For Creamy Turmeric Dressing:

  • 7 ounces full-fat Greek yogurt
  • 2 tablespoons tahini
  • Juice of 1 large lemon
  • 1 garlic clove minced
  • 1 teaspoon dried turmeric or 1 tablespoon freshly grated turmeric
  • ¼ teaspoon sea salt
  • ¼ teaspoon freshly ground black pepper
  • Pinch cayenne

Instructions

  • Preheat oven to 425°F. Line a rimmed baking sheet with parchment paper.
  • Arrange the vegetables and tempeh (or other protein of choice) on the baking sheet. Drizzle evenly with the oil and season well with sea salt and pepper. Place in oven and roast for 18-20 minutes, or until veggies are tender and just beginning to brown. (Note that if your asparagus is very thin, you'll want to add it to the pan halfway through the cooking time so it doesn't overcook.)
  • Meanwhile, prepare the Creamy Turmeric Dressing.
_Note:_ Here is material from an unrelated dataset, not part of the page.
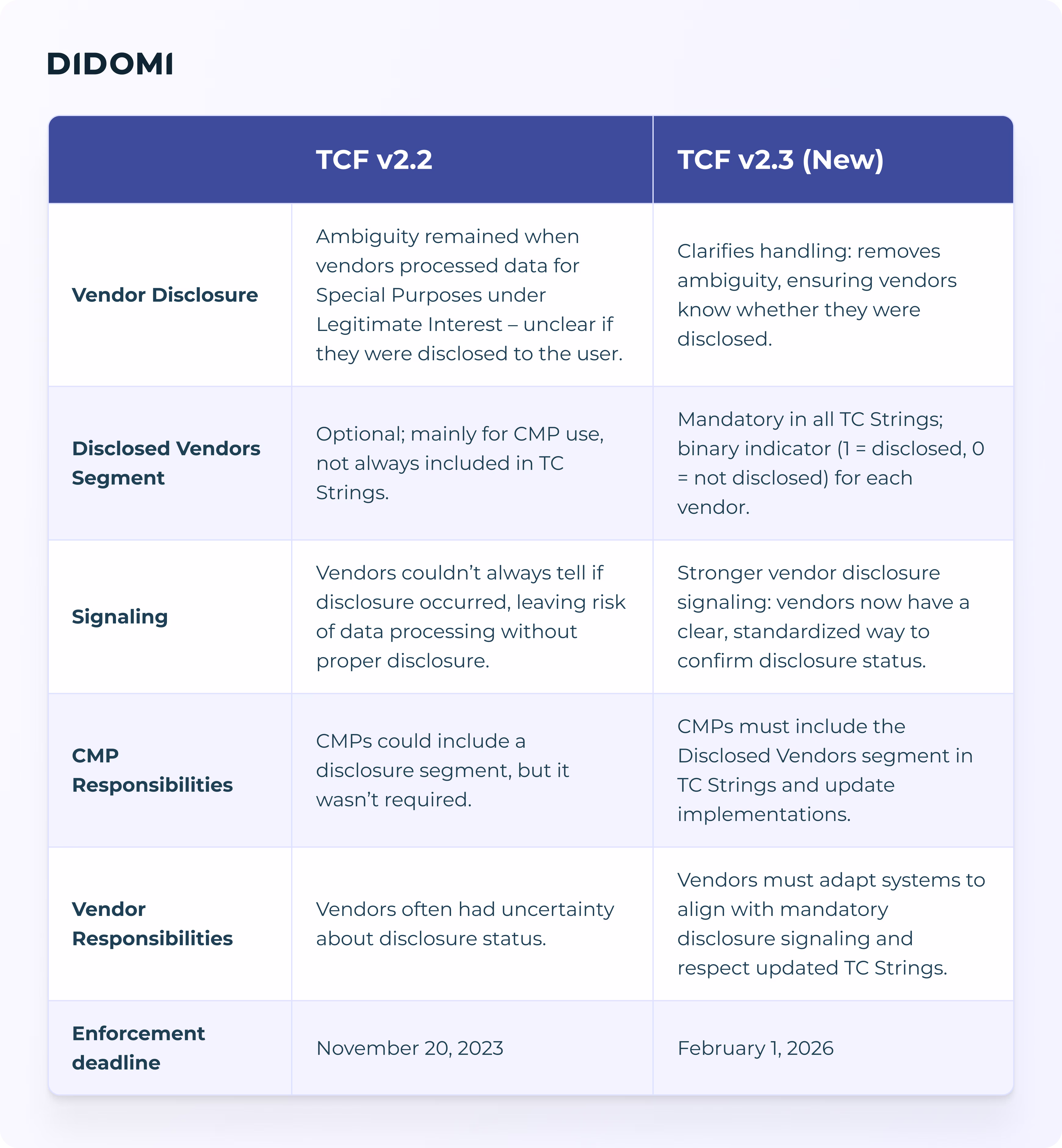 Side-by-side comparison of TCF v2.2 vs v2.3
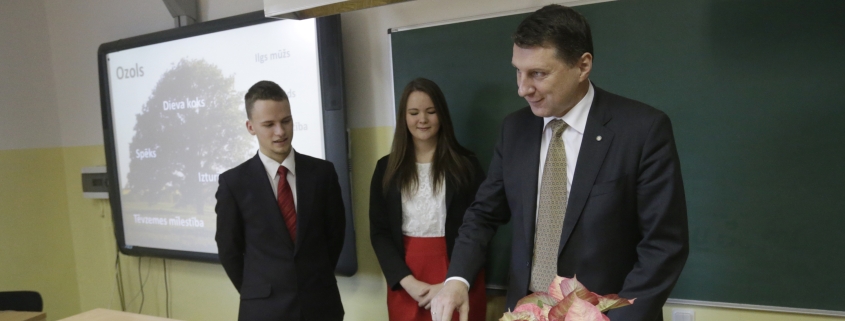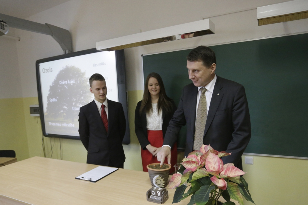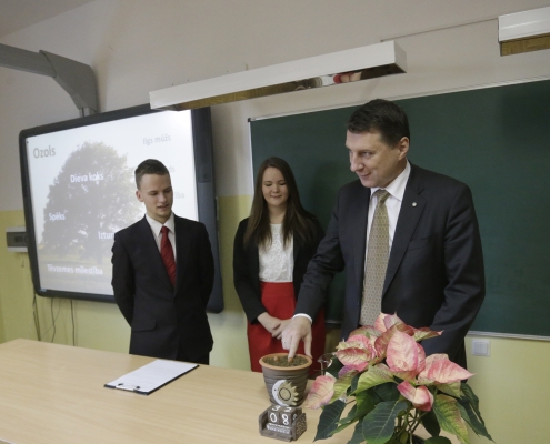 Savukārt 2015.gada 8.decembrī skolu apmeklēja Latvijas Valsts prezidents Raimonds Vējonis ar kundzi Ivetu Vējoni. Ar prezidentu vispirms tikās Izglītojamo pašpārvalde (vadītāja Maira Asare un vietnieks Jēkabs Zommers), klašu vecākie un skolas direktore Lolita Žagare. Teikdams spēka vārdus, prezidents podiņā iestādīja 3 ozolzīles. Aktu zālē prezidents teica uzrunu un atbildēja uz skolēnu jautājumiem. Atvadoties prezidents novēlēja: “Lai spējam viens otrā labāk ieklausīties un teikt cits citam labus vārdus!” 2017.gada 1.septembrī no zīles izdīgušais ozoliņš tika iestādīts pie Absolventu alejas.

Stir together all of the ingredients. Taste and add more salt or pepper, to taste. Set aside.
  • To serve, place ½ cup of sorghum and 1 cup of spinach into two shallow serving bowls. Divide the veggies and tempeh between the bowls. Spoon a big dollop of the Creamy Turmeric Dressing on top and serve immediately.
  • Yield: 2 large servings

Notes

Substitute tempeh with chicken, chickpeas (add to sheet pan during last 5-7 minutes of roasting), fish, or tofu.